- Description of the task: Reproduce exactly only the lines from the line that holds "Po tych tu alejkach" to the line that holds "Grand Vase vintage", inclusive, in the listing below, and please leave out every picture.

- Source material:
- - - -
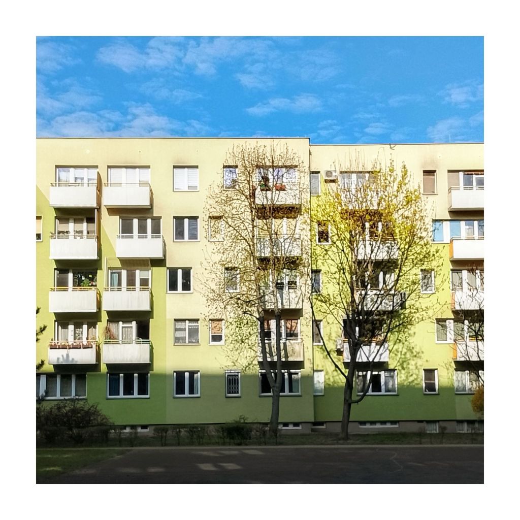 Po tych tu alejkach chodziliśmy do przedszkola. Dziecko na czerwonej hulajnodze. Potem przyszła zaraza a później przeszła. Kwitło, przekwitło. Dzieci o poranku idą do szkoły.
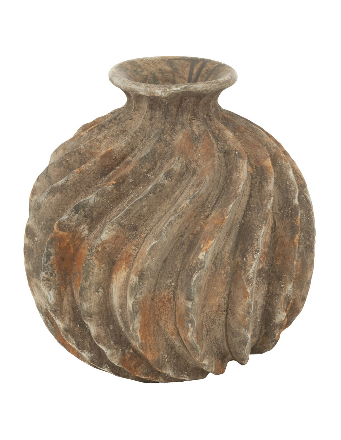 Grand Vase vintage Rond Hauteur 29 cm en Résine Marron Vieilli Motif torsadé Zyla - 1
- - - -
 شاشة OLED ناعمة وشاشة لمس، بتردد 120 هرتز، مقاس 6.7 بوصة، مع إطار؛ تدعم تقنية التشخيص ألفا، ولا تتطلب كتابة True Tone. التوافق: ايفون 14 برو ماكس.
- - - -
- Your solution:
 Po tych tu alejkach chodziliśmy do przedszkola. Dziecko na czerwonej hulajnodze. Potem przyszła zaraza a później przeszła. Kwitło, przekwitło. Dzieci o poranku idą do szkoły.
 Grand Vase vintage Rond Hauteur 29 cm en Résine Marron Vieilli Motif torsadé Zyla - 1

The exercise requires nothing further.